書き手は、「東大地理」を教える代ゼミのカリスマ講師、宮路秀作氏。日本地理学会の企画専門委員としても活動している。『経済は統計から学べ!』を出版し、「人口・資源・貿易・工業・農林水産業・環境」という6つの視点から、世界の「今」と「未来」をつかむ「土台としての統計データ」をわかりやすく解説している。
少子高齢化を逃れる「合理的」な考え方
少子化によって、老年人口割合は上昇します。中国は1979年より「一人っ子政策(2016年に廃止)」を開始したことで出生数が減少し、徐々に老年人口割合が増加しました。
中国の老年人口割合は1990年に5.6%でしたが、2019年には11.5%にまで上昇。特に2010年以降の上昇幅が大きくなっています。

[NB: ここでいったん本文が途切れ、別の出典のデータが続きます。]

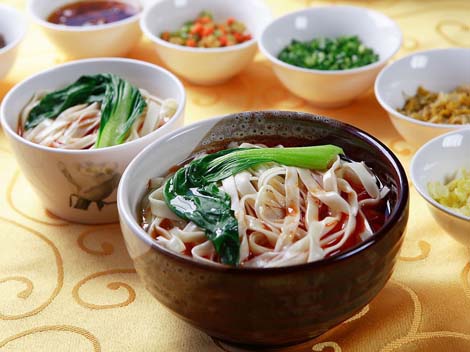 Su's Beef Noodle Restaurant is a chain restaurant with outlets all over China. Beef noodles are delicious and inexpensive. At Su's, one big bowl of noodles will set you back six yuan and a smaller bowl five yuan. The noodles are hand-made from fine flour. The noodles are served with beef, caraway and garlic leaves, which add flavor.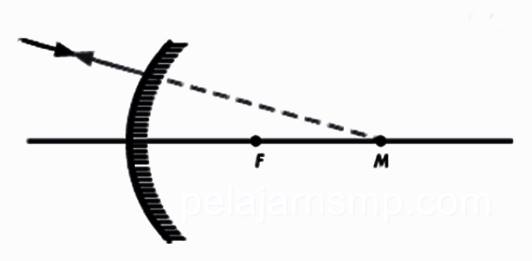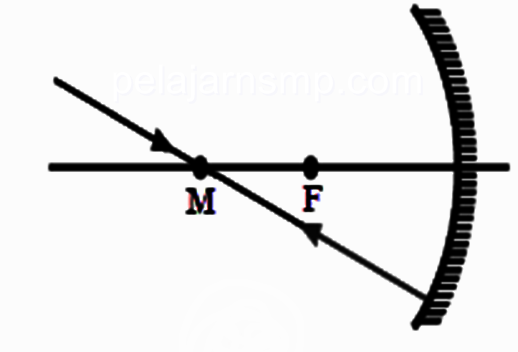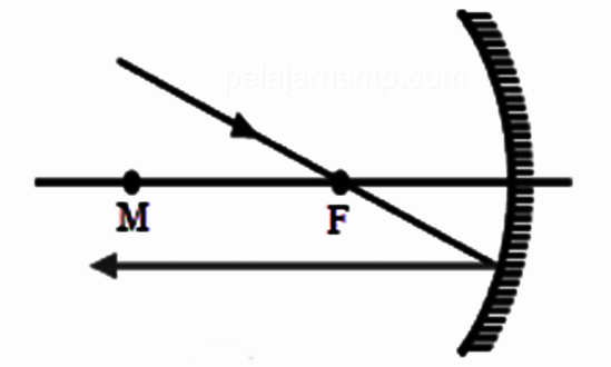 – Sinar datang menuju titik fokus F dipantulkan sejajar sumbu utama. Berikut gambarannya :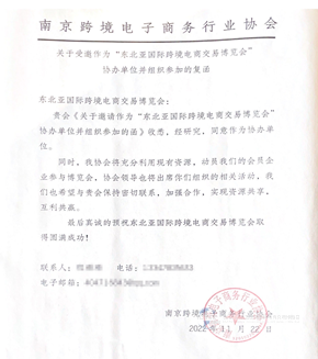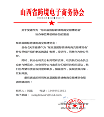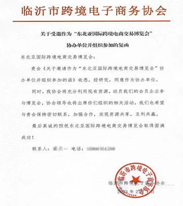 临沂市跨境电子商务协会正式回函给东北亚国际跨境电商交易博览会组委会,同意作为东北亚国际跨境电商交易博览会的协办单位,同期组委会将与临沂市跨境电子商务协会共同组织相关会议和高峰论坛,共同推动东北亚地区跨境电商行业快速发展,共同打造跨境电商行业···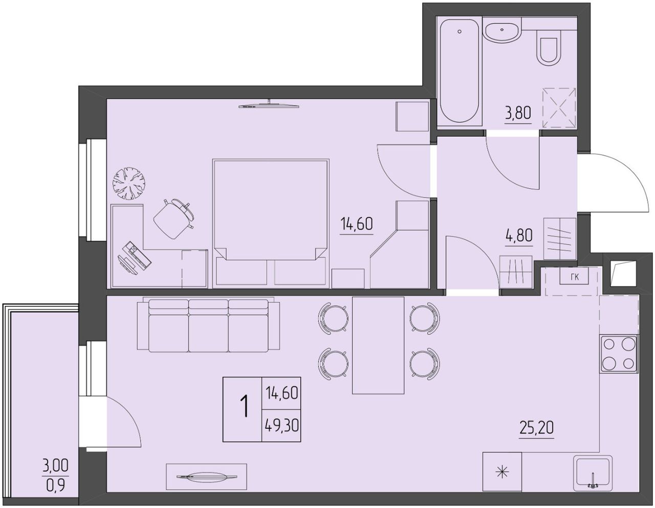 1-комнатная — 49,3 м² 3/4 эт. в Прибрежный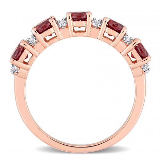 This fabulous stacking five-stone anniversary ring is crafted in rose plated sterling silver. This pretty wedding ring features alternating round-cut garnet and round-cut white topaz gemstones. Enhanced with a high polish finish, this stackable eternity ring is the perfect addition to any jewellery collection. Whether worn as an anniversary band, wedding band or simply a gorgeous gemstone accessory, this ring is a great gift for a woman with a classic and trendy sense of style.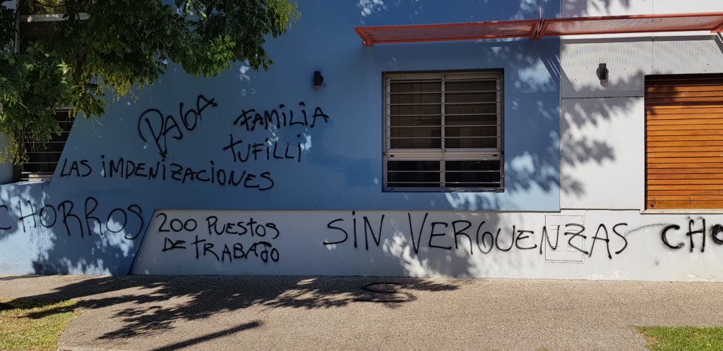 Las paredes y las calles fueron pintadas con aerosol “CUMPLÍ LA PALABRA”, “LADRONES”, “MARTIN LARA PAGA”, “MARTIN LARA CHORRO”.

逆に、出生数が多い発展途上国では老年人口割合は低い傾向にあります。これらの国は労働集約的な農業が主産業であり、子どもが労働力として期待されることから、出生数が多く、相対的に老年人口割合が低くなります。
アラブ首長国連邦(1.2%)やカタール(1.5%)、バーレーン(2.5%)、クウェート(2.8%)の4ヵ国は、老年人口割合が低い国として有名です。
しかし、合計特殊出生率はアラブ首長国連邦(UAE)1.41、カタール1.87、バーレーン1.99、クウェート2.08にすぎません。人口維持に必要とされる2.1を下回っており、周辺の中東諸国と比較すると低い傾向にあります。
これらの国は産油国であり、石油産業に従事する外国からの出稼ぎ労働者が多いことで知られています。